[Anteprima] Checkpoint Charlie

scritto da Bernapapà

Ai tempi della guerra fredda, con il muro di Berlino ancora ben stabile e sorvegliato, il più importante punto di passaggio, con tanto di sorvegliatissimo posto di blocco, per andare da Berlino est a Berlino ovest era rappresentato dal famoso Checkpoint Charlie.
Prendendo ispirazione da quel’ambientazione, ideale punto di convergenza di spie e controspie, nasce il gioco Checkpoint Charlie, di Jose Antonio Abascal, edito dalla DEVIR, di cui oggi vi parlo in anteprima. 

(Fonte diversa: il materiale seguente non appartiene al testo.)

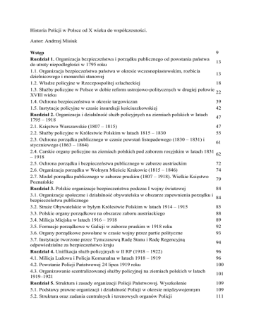 Historia Policji w Polsce od X wieku do współczesności. Autor: Andrzej Misiuk 9 Wstęp Rozdział 1. Organizacja bezpieczeństwa i porządku publicznego od powstania państwa 13 do utraty niepodległości w 1795 roku 1.1. Organizacja bezpieczeństwa państwa w okresie wczesnopiastowskim, rozbicia 13 dzielnicowego i monarchii stanowej 1.2. Władze policyjne w Rzeczpospolitej szlacheckiej 18 1.3. Służby policyjne w Polsce w dobie reform ustrojowo-politycznych w drugiej połowie 22 XVIII wieku 1.4. Ochrona bezpieczeństwa w okresie targowiczan 39 1.5. Instytucje policyjne w czasie insurekcji kościuszkowskiej 42 Rozdział 2. Organizacja i działalność służb policyjnych na ziemiach polskich w latach 47 1795 – 1918 2.1. Księstwo Warszawskie (1807 – 1815) 47 2.2. Służby policyjne w Królestwie Polskim w latach 1815 – 1830 55 2.3. Ochrona porządku publicznego w czasie powstań listopadowego (1830 – 1831) i 61 styczniowego (1863 – 1864) 2.4. Carskie organy policyjne na ziemiach polskich pod zaborem rosyjskim w latach 1831 62 – 1918 2.5. Ochrona porządku i bezpieczeństwa publicznego w zaborze austriackim 72 2.6. Organizacja porządku w Wolnym Mieście Krakowie (1815 – 1846) 74 2.7. Model porządku publicznego w zaborze pruskim (1807 – 1918). Wielkie Księstwo 79 Poznańskie Rozdział 3. Polskie organizacje bezpieczeństwa podczas I wojny światowej 84 3.1. Organizacje społeczne i działalność obywatelska w obszarze zapewnienia porządku i 84 bezpieczeństwa publicznego 3.2. Straże Obywatelskie w byłym Królestwie Polskim w latach 1914 – 1915 85 3.3. Polskie organy porządkowe na obszarze zaboru austriackiego 88 3.4. Milicja Miejska w latach 1916 – 1918 89 3.5. Formacje porządkowe w Galicji w zaborze pruskim w 1918 roku 92 3.6. Organy porządkowe powołane w czasie wojny przez partie polityczne 93 3.7. Instytucje tworzone przez Tymczasową Radę Stanu i Radę Regencyjną 94 odpowiedzialne za bezpieczeństwo kraju Rozdział 4. Unifikacja służb policyjnych w II RP (1918 – 1922) 96 4.1. Milicja Ludowa i Policja Komunalna w latach 1918 – 1919 96 4.2. Powstanie Policji Państwowej 24 lipca 1919 roku 100 4.3. Organizowanie scentralizowanej służby policyjnej na ziemiach polskich w latach 101 1919–1921 Rozdział 5. Struktura i zasady organizacji Policji Państwowej. Wyszkolenie 109 5.1. Podstawy prawne organizacji i działalność Policji w okresie międzywojennym 109 5.2. Struktura oraz zadania centralnych i terenowych organów Policji 111 5.3. Polityka kadrowa w Policji Państwowej 5.4. System szkolenia zawodowego Rozdział 6. Rola i miejsce Policji Państwowej w systemie polityczno-prawnym Polski w latach 1919 – 1939 6.1. Policja a władze administracji politycznej 6.2. Policja a inne instytucje państwowe oraz organy samorządowe 6.3. Rola Policji w życiu społeczno-politycznym kraju Rozdział 7. Policja kryminalna i polityczna w Polsce międzywojennej 7.1. Organizacja i działalność policji kryminalnej 7.2. Policja polityczna w II Rzeczpospolitej Rozdział 8. Losy polskich policjantów po 1 września 1939 roku 8.1. Przygotowania i udział Policji Państwowej i Policji Województwa Śląskiego w kampanii wrześniowej 1939 roku 8.2. Polscy policjanci w niewoli sowieckiej 8.3. Losy funkcjonariuszy Policji Państwowej po zakończeniu II wojny światowej Rozdział 9. Polska Policja w Generalnym Gubernatorstwie w czasie II wojny światowej 9.1. Sytuacja polityczna po 1939 roku 9.2. Organizacja Policji Polskiej Generalnego Gubernatorstwa 9.3. Polska Policja Kryminalna 9.4. Udział policji „granatowej” w ruchu oporu 9.5. Państwowy Korpus Bezpieczeństwa 9.6. Policja Polska w walce z przestępczością pospolitą 9.7. Społeczeństwo polskie a policja „granatowa” Rozdział 10. Działalność Milicji Obywatelskiej na tle przemian społecznych w powojennej Polsce 10.1. Dekret PKWN o ustanowieniu Milicji Obywatelskiej 10.2. Struktura organizacyjna MO 10.3. Cele i zadania Milicji Obywatelskiej – ideologizacja służby bezpieczeństwa publicznego 10.4. Specjalistyczne oddziały Milicjo – ZOMO 10.5. Rozwój uprawnień i obowiązków Milicji w zwalczaniu przestępczości i wykroczeń Rozdział 11. Policja w III Rzeczpospolitej 11.1. Nowa organizacja Policji po roku 1989 11.2. Struktura organizacyjna polskiej Policji na przełomie wieków XX i XXI 11.3. Polska Policja na arenie międzynarodowej 11.4. Policja w walce z przestępczością Bibliografia Indeks osób Ilustracje 115 117 122 122 126 130 135 135 140 148 148 153 157 160 160 161 163 165 166 167 168 171 172 174 177 181 182 187 187 196 206 208 216 221

Trattasi di gioco deduttivo, da 3 a 5 giocatori, senza testo nel gioco, che per una mezz’oretta di tempo si troveranno a dover scovare le spie che cercano di attraversare il posto di blocco: fortunatamente gli autori hanno avuto l’idea di alleggerire l’atmosfera, strizzando l’occhio al grande pubblico, facendo impersonare gli investigatori a dei buffi cani segugio, mentre le spie da svelare saranno rappresentate da dei gattoni pacioccosi, rigorosamente nascosti dietro occhiali, cappello e impermeabile di ordinanza, caratteristiche comuni alle spie presenti nell’immaginario collettivo e in molte parodie cinematografiche. 
Gioco deduttivo, semplice, veloce, da proporre a chiunque, che sarà sicuramente apprezzato dagli amanti del genere.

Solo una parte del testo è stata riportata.